One of the main ‘issues’ surrounding HIV/AIDS is still that of condom use, the promotion of which is not only driven by religious and moral attitudes but by financial and health issues as well. The spread of HIV is overwhelmingly controlled by proper use of, distribution of, and access to condoms. In Africa the non-use of condoms, mainly due not only to money but to a predominantly patriarchal society, is one of the biggest reasons for the spread of HIV; in Europe and South America, the countries with high numbers of HIV positive people are predominantly catholic. Dominated by a religion which sees any birth control as wrong and where the ‘virgin bride’ is still seen as a prize, condoms are not widely available and much pre-marital sex is anal. In catholic France condom advertising was banned until 1987, and it was not until 1991 that it could be mentioned that it had a use as a contraceptive aid. Thus, despite having the third highest rate of AIDS patients in Europe, condom use in France in the mid-1990’s was only 3-7% of the population. The condom problem is also on the rise in poorer Eastern Europe where, although attitudes to sex are becoming freer, wages are becoming lower and condoms are an expensive luxury. Even in what may be considered a well-educated, rich group of people, American college students, condom use is still only 50%. The problems of condoms also involve prostitutes. In Brazil, a rent boy can charge three times as much for sex without a condom and surveys have shown that prostitutes are less willing to use them as they may imply that they are HIV+ or they are implying that their customers are.

 

Overall, into the 21st century there has been a step forward in the conceptualization of AIDS and the policies surrounding it; the USA government spends over a billion dollars a year on research, education and medical facilities. It is less seen as an issue affecting the ‘worried well’ majority and more work and money is now being spent on those populations who actually have to deal with it. However it is still looked upon with horror and as one sufferer, David Ruffell, has said “when I was first diagnosed it was clear that I was the one who had to have the courage and the strength.
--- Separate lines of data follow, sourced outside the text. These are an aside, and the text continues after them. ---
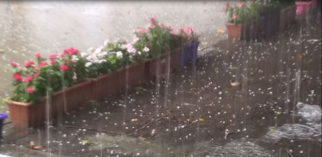 Erdek`te yağmur ile birlikte dolu yağdı. Plajlarda zorunlu mola
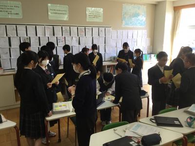 今日は、自分が1番いいと思ったポスターの作成者に、自分の意見を伝える時間でした。どの生徒も、とてもいきいきと自分の意見をのべていました。
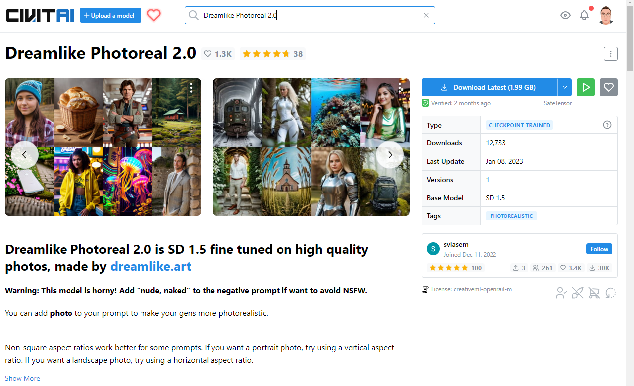 CIVITAI에서 우리가 선택한 "dreamlike photoreal 2.0"을 검색해보자.
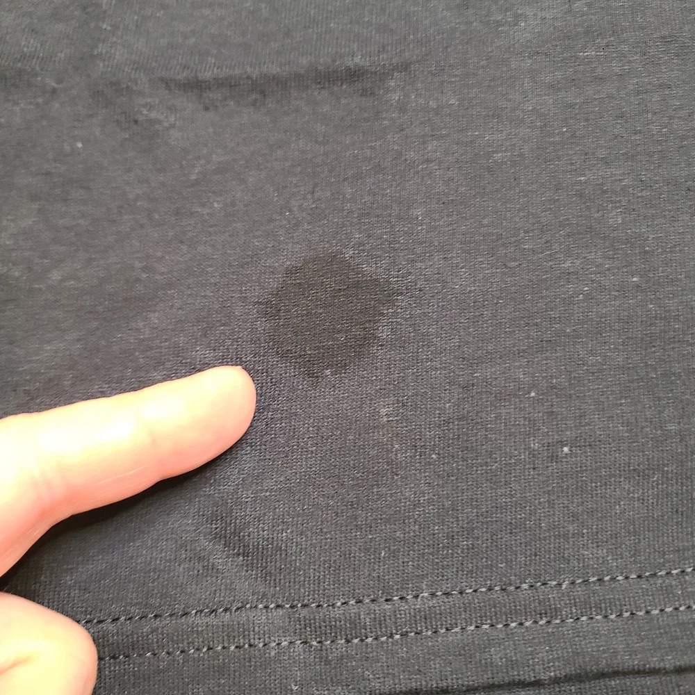 Dark dye spot on tee from dyeing process
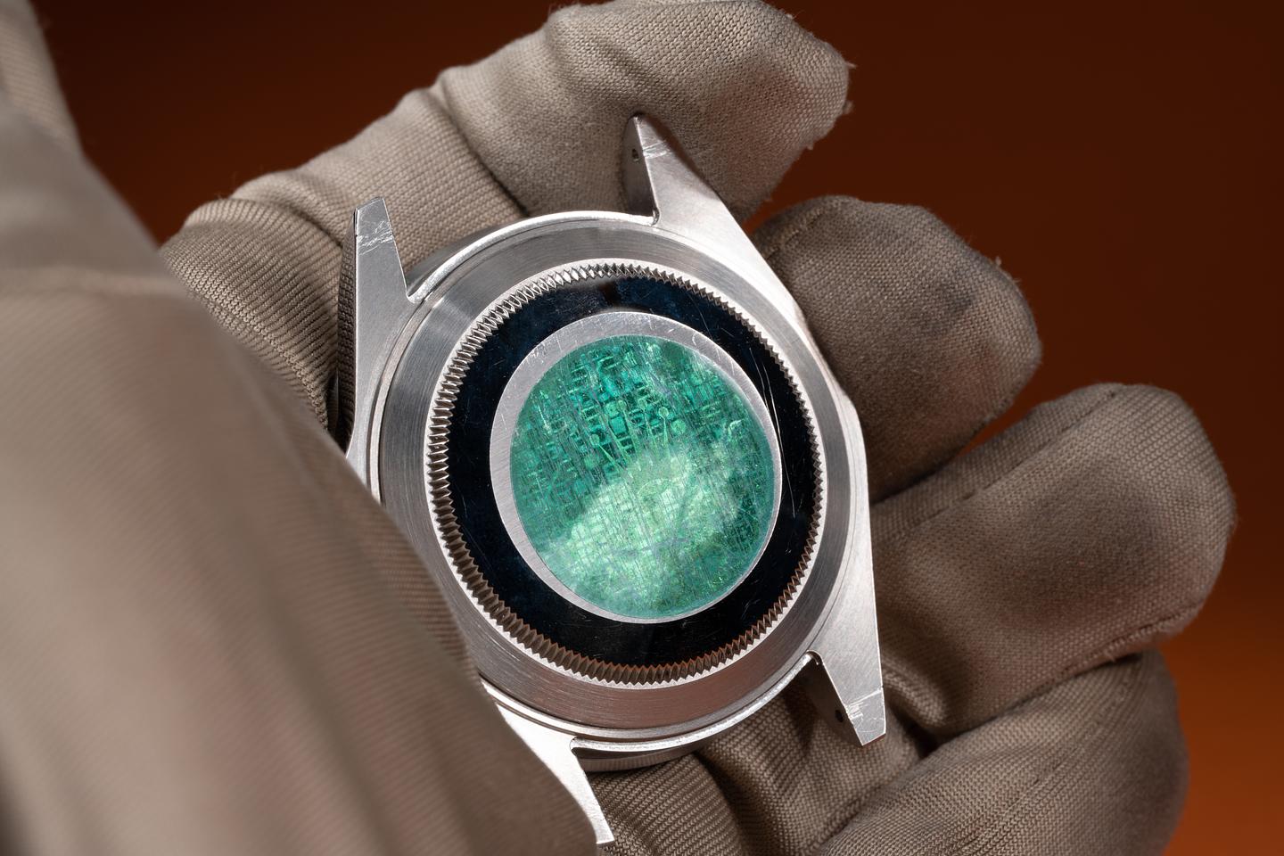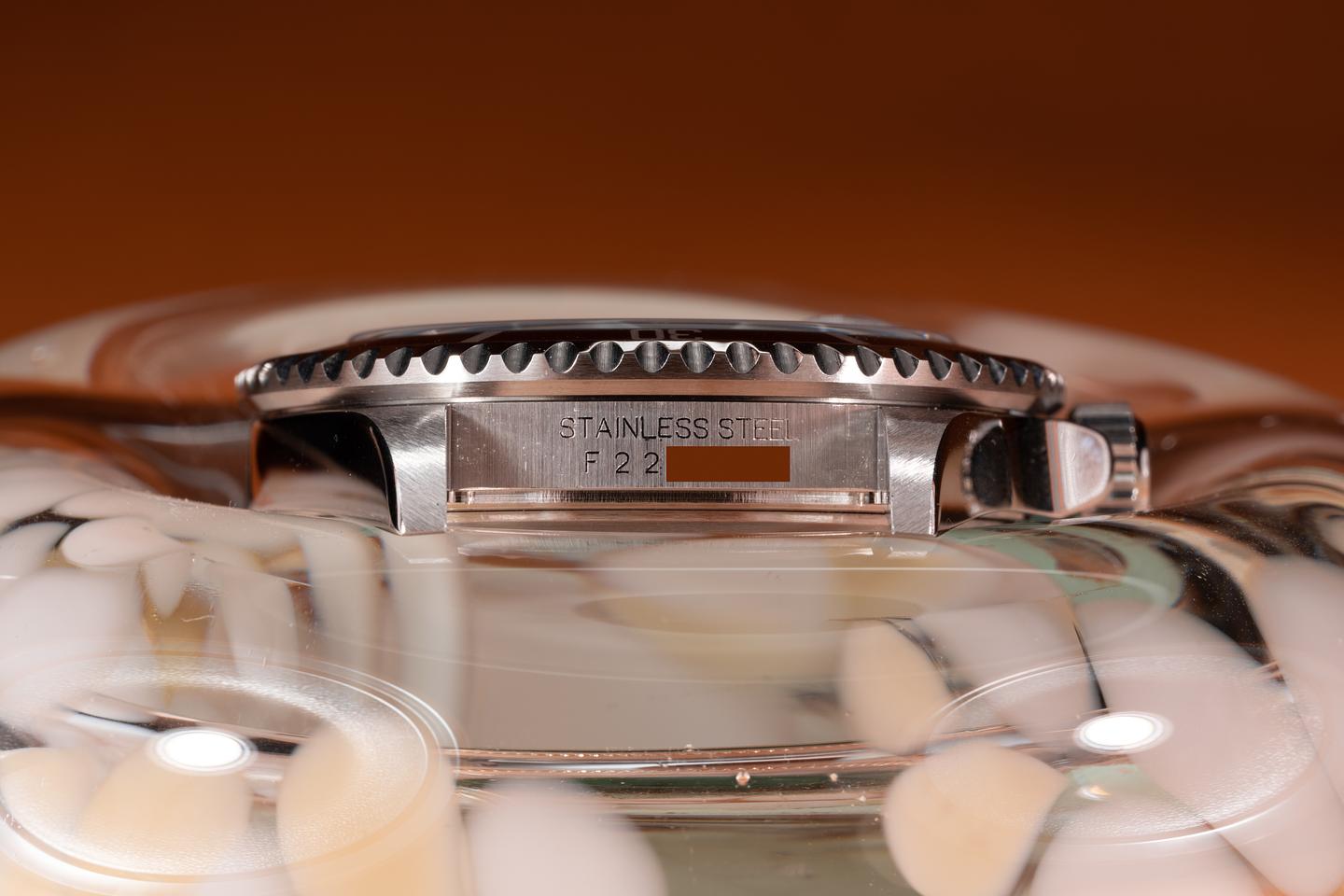 Case: The thick and even case is excellent showing prominent bevels and only very light wear from use. The black bezel insert is also in excellent condition showing no visible wear.
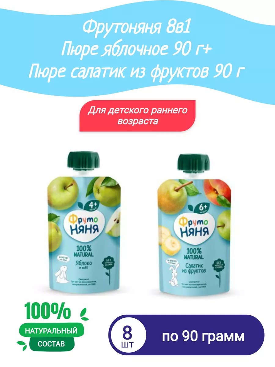 8в1 Пюре яблочное 90 г+ Пюре салатик из фруктов 90 г
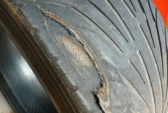 といった症状に気づきやすく、このようなひどい状態になる前に車を止めて確認ができる。
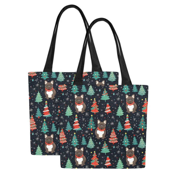 Celebrate the festive season in style with our Black / Brindle French Bulldog Festive Frolic Large Canvas Tote Bags - Set of 2.
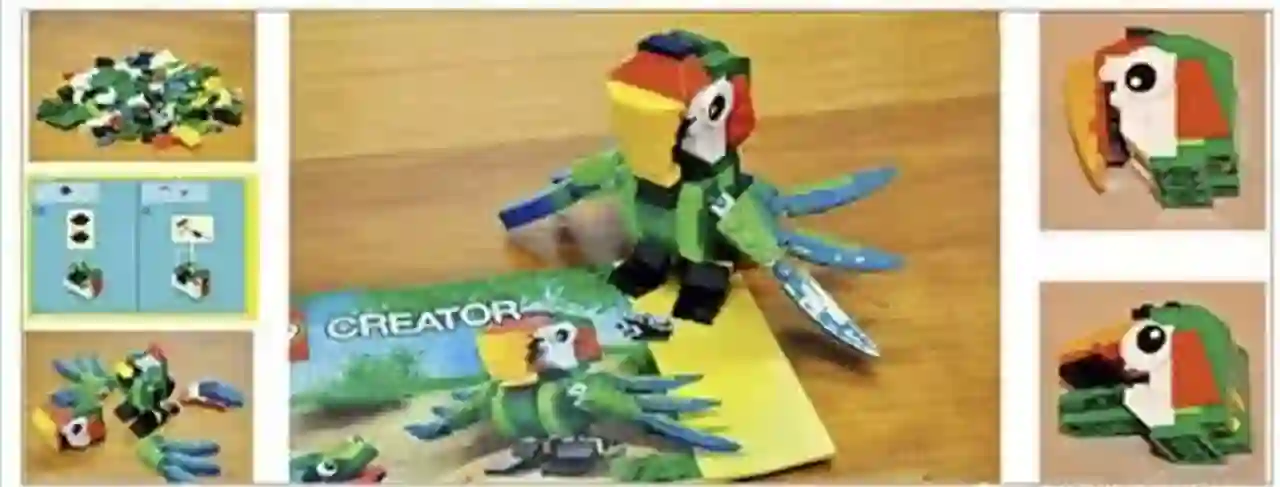 因为这篇小说的特殊性,星新一奖组委会也曾发信给佐藤教授询问:“最终写文章的是您,还是您的计算机?”佐藤教授表示:“这个问题很难回答。”因此,他做了一个比喻。如果一个人按照说明书,把乐高的积木块拼起来,成为一只鹦鹉(见图2),请问是谁做了这只鹦鹉?也许您会说:“是你组装的,不过不是你创造的。”实际情况可能会更复杂。事实上,人类做了零件(例如,描述某种天气具体的短语),怎样去组装也是人类来做的(例如,人写了故事除了部件以外的部分),按照这个说明,机器最终完成了组装(为每个部件生成具体的句子),生成了小说。但是组合的方法有很多,很自由。例如,鹦鹉的嘴巴也可能做成别的样子(见图2右侧)。使用他们的程序,可以做出成千上万种不同的小说来。
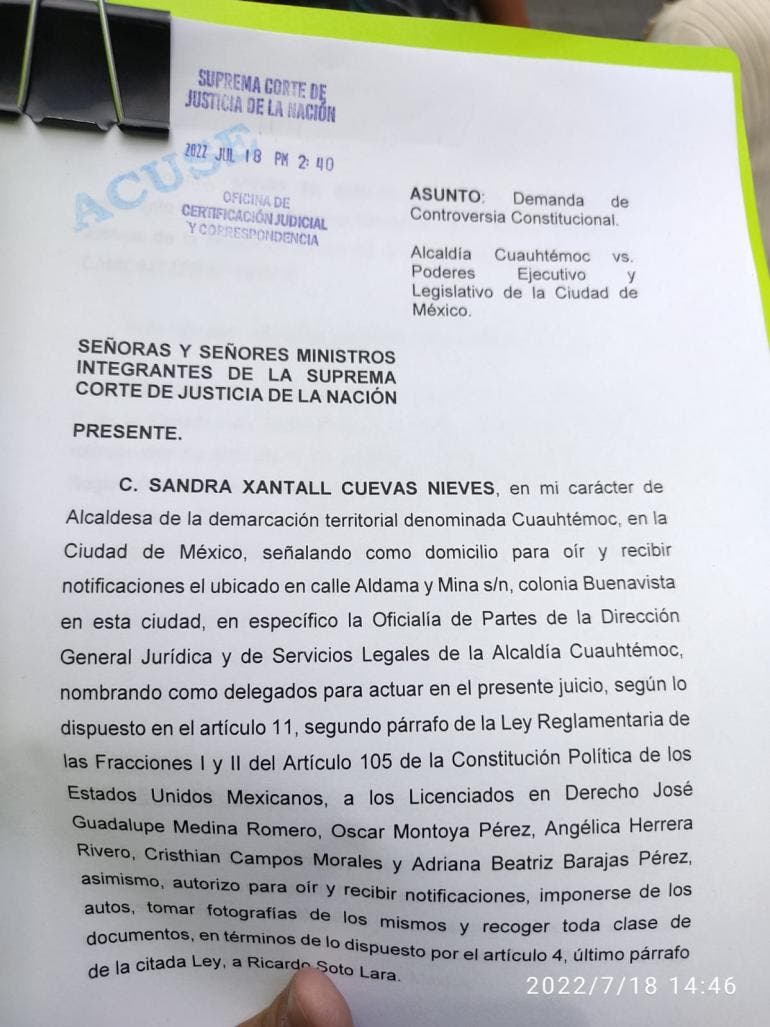 Ciudad de México.- La alcaldesa de Cuauhtémoc, Sandra Cuevas presentó controversia constitucional ante la Suprema Corte de Justicia de la Nación por considerar que la publicación de la Ley de Publicidad Exterior de la Ciudad de México invade facultades exclusivas de las alcaldías determinadas en la Constitución de la Ciudad de México, derivado de la Constitución Política de los Estados Unidos Mexicanos y en particular de la Alcaldía Cuauhtémoc.

I didn’t have one friend that didn’t panic and throw themselves to the floor in a frenzy". Another positive step has been a toning down of the moral outrage of the disease simply through normalization and through programs and films showing what a horrendous syndrome it is to die of. This has been helped by the down to earth view of people who may ordinarily be counted as part of the ‘moral majority’, people such as Rabbi Julia Neuberger who so rightly said "it is a strange God who chooses to punish male homosexuals and not females, and who is angry with drug-takers who inject...but not those who sniff".